YOUR ASSIGNMENT:
An exact copy of the lines from the start of the material below through the line containing "Traditional Russian meat" is the required answer, and it includes no pictures.

SOURCE RECORDS:
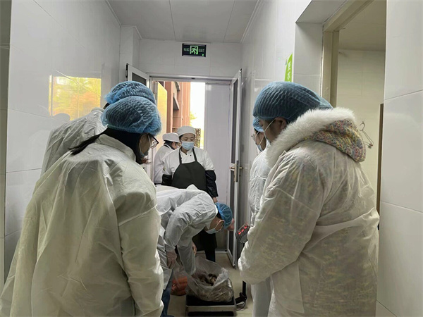 随后,家长代表们走进食堂后厨,对操作间的卫生环境、食品储存、餐具消毒及“明厨亮灶”系统进行了实地考察。食堂工作人员现场演示了食材清洗、切配及烹饪流程,透明的操作流程和规范的卫生管理得到了家长的一致认可。家长们纷纷表示:“亲眼看到食材从验收到加工的全流程,对幼儿园的食品安全管理更有信心了!”
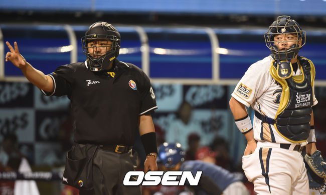 13일 오후 창원시 마산구장에서 열린 '2014 한국야쿠르트 세븐 프로야구' NC 다이와 KIA 타이거즈 경기, 김풍기 구심이 보호장비가 잘 갖추어진 일체형 헬멧을 쓰고 경기를 진행하고 있다.
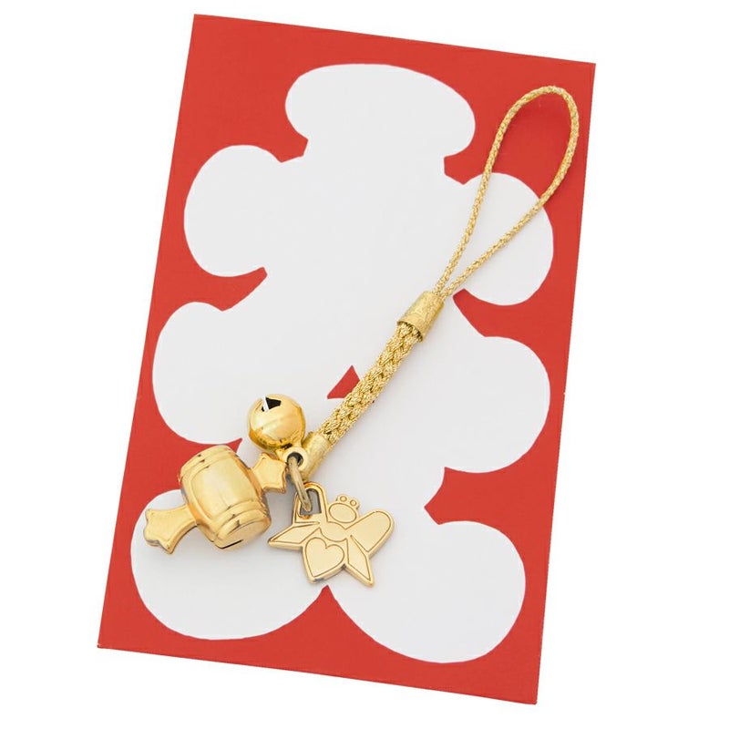 ゴールドの蜂・打ち出の小槌・鈴と、幸運をもたらすと言われるモチーフが付いたオリジナルチャーム付き。
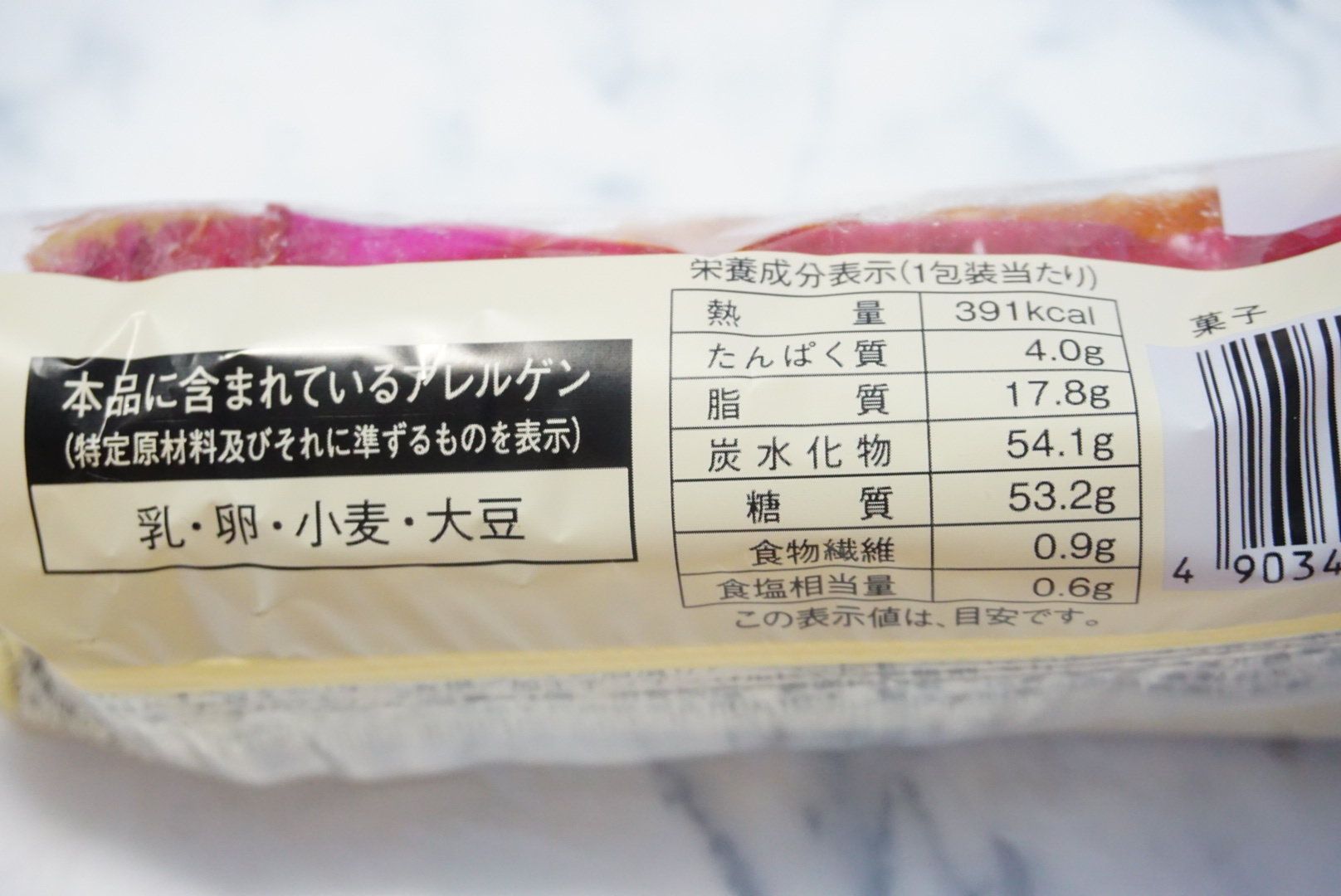 1個あたり391kcalと、菓子パンではなかなかの高カロリーです。
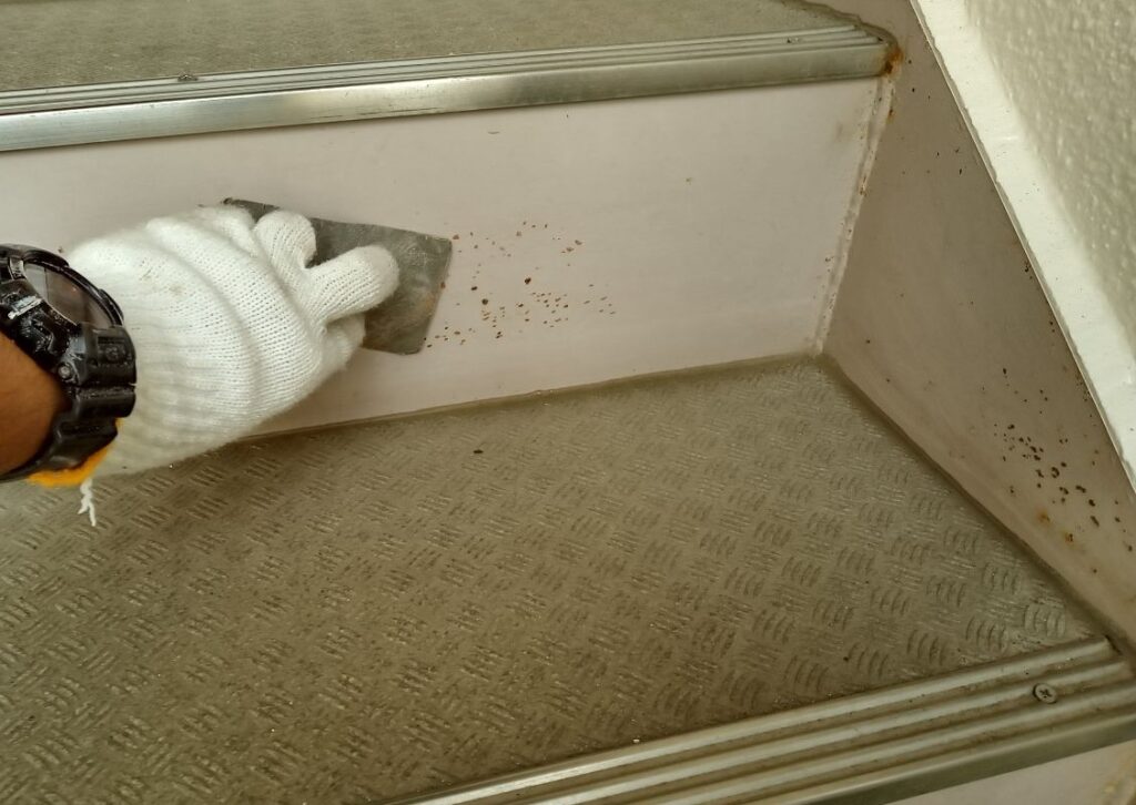 サビつきや長年の汚れや経年劣化が見られる状態でした。階段が汚れていると全体的に暗い印象になってしまいます。
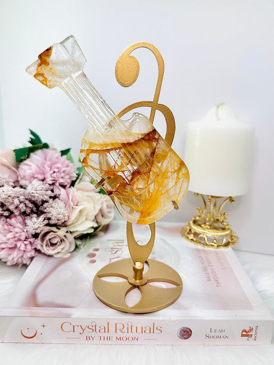 ⚜️ SALE ⚜️ Wow!!! The Golden Guitar ~ Absolutely Stunning Large 20cm (Inc Stand) High Grade Golden Healer Guitar Carving on Gold Music Stand
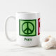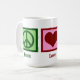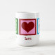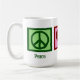Cute hippo gift featuring a pretty green peace sign, heart, and an adorable cartoon hippopotamus. Peace Love Hippos mug.
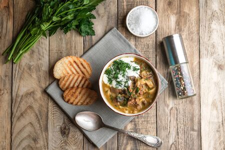 Traditional Russian meat soup Solyanka. Wooden table. Top view.
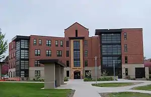 The University Student Union is at the center of campus and houses many amenities for both students and the public.[7] The Union is the home to numerous meeting rooms, a ballroom, The Hobo Day Committee (homecoming committee), the University Program Council,[8] Greek life[9] the Students' Association,[10] The Collegian[11] student newspaper, Student Legal Services, KSDJ 90.7 FM, Dining Services, four eating facilities, the University Bookstore, Card Services, and International Student Affairs.
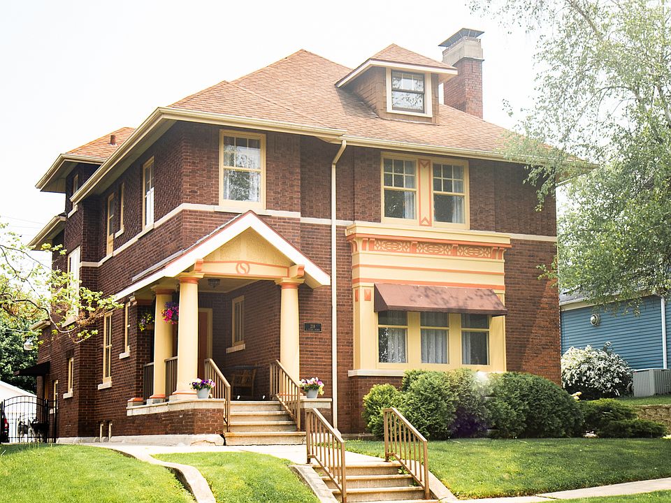 Beautiful brick home with traditional woodwork throughout, built-ins, and classic leaded glass and stained glass windows. This place is really one of a kind. This home has space for everyone. There are 5 traditional bedrooms but with the finished basement there are 2 more plus another 1/2 bath and separate shower. The main floor features large entry way with original hardwood flooring that leads you into the living room that features a gas fire place with gorgeous built in cabinets and multiple stained glass windows. French doors take you to the large dining room that will fit most larger tables. There is an office space off of the dining room that could be used as a bedroom if needed. The beautiful open staircase leads you to the 2nd floor which features 4 bedrooms 2 full bathrooms large hallway and of course more of the beautiful woodwork. The 3rd floor has one bedroom and one full bath. If that's not enough space this home has a fully finished basement with 2 more bedrooms, living room and much more. The back yard is partially fenced and there is a heated 2 & 1/2 car garage with alley access. You really have to take a look for yourself.
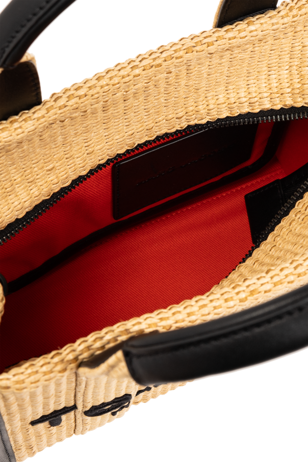 Introducing the \'The Tote Small\' by the esteemed designer Marc Jacobs, a quintessential piece that radiates sophistication and practicality. Crafted with an exquisite blend of straw and leather, this \'shopper\' type bag presents a delightful texture and visual lightness. Its dominant beige hue is elegantly contrasted with bold, black lettering on the front, proudly displaying \"THE TOTE BAG\" and \"MARC JACOBS,\" making it an iconic statement piece. Attention to detail is evident in the black finishes, including the handles and side trim, as well as the discreet rectangular patch featuring the designer\'s logo in white on the back. The interior, lined with a striking red fabric, offers a vivid contrast and is equipped with a zip closure at the top for securing your essentials. Additionally, a small internal pocket, also with a zip, provides added convenience. Flexibility in wear is assured with a detachable and adjustable black strap, made from a robust material and fitted with a metal clasp for easy attachment. Whether carried by hand or draped over the shoulder, \'The Tote Small\' ensures elegance without compromising on functionality. Why Purchase This Product? Exclusive Design: A unique blend of materials and the distinguished Marc Jacobs branding. Versatile Functionality: Spacious interior with secure zip closure and an additional internal pocket. Adjustable Comfort: Comes with a detachable, robust shoulder strap for varied carrying options. Striking Contrast: The bold exterior coupled with a vividly lined interior makes for an unforgettable accessory.
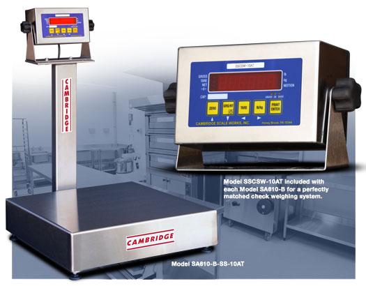 Cambridge Scale Works, Inc. Model SA610-B-SS-10AT Series bench scales feature high strength cast aluminum construction, heavy stainless steel column and cover, and IP 65 water seal rated aluminum load cell and includes the Model SSCSW-10AT Check Weighing Indicator for accuracy and reliability.
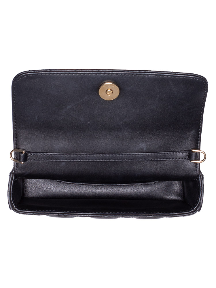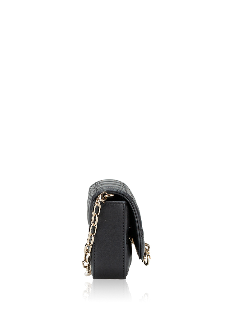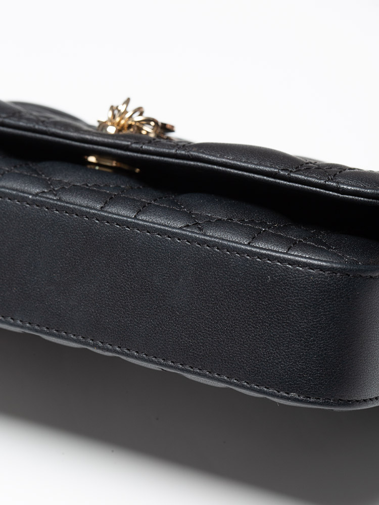 This phone pouch is crafted of geometric quilted lambskin leather in black. Features a removable chain strap, and a front flap that opens to a leather interior with card slots.

SOLUTION TO THIS TASK:
 随后,家长代表们走进食堂后厨,对操作间的卫生环境、食品储存、餐具消毒及“明厨亮灶”系统进行了实地考察。食堂工作人员现场演示了食材清洗、切配及烹饪流程,透明的操作流程和规范的卫生管理得到了家长的一致认可。家长们纷纷表示:“亲眼看到食材从验收到加工的全流程,对幼儿园的食品安全管理更有信心了!”
 13일 오후 창원시 마산구장에서 열린 '2014 한국야쿠르트 세븐 프로야구' NC 다이와 KIA 타이거즈 경기, 김풍기 구심이 보호장비가 잘 갖추어진 일체형 헬멧을 쓰고 경기를 진행하고 있다.
 ゴールドの蜂・打ち出の小槌・鈴と、幸運をもたらすと言われるモチーフが付いたオリジナルチャーム付き。
 1個あたり391kcalと、菓子パンではなかなかの高カロリーです。
 サビつきや長年の汚れや経年劣化が見られる状態でした。階段が汚れていると全体的に暗い印象になってしまいます。
 ⚜️ SALE ⚜️ Wow!!! The Golden Guitar ~ Absolutely Stunning Large 20cm (Inc Stand) High Grade Golden Healer Guitar Carving on Gold Music Stand
Cute hippo gift featuring a pretty green peace sign, heart, and an adorable cartoon hippopotamus. Peace Love Hippos mug.
 Traditional Russian meat soup Solyanka. Wooden table. Top view.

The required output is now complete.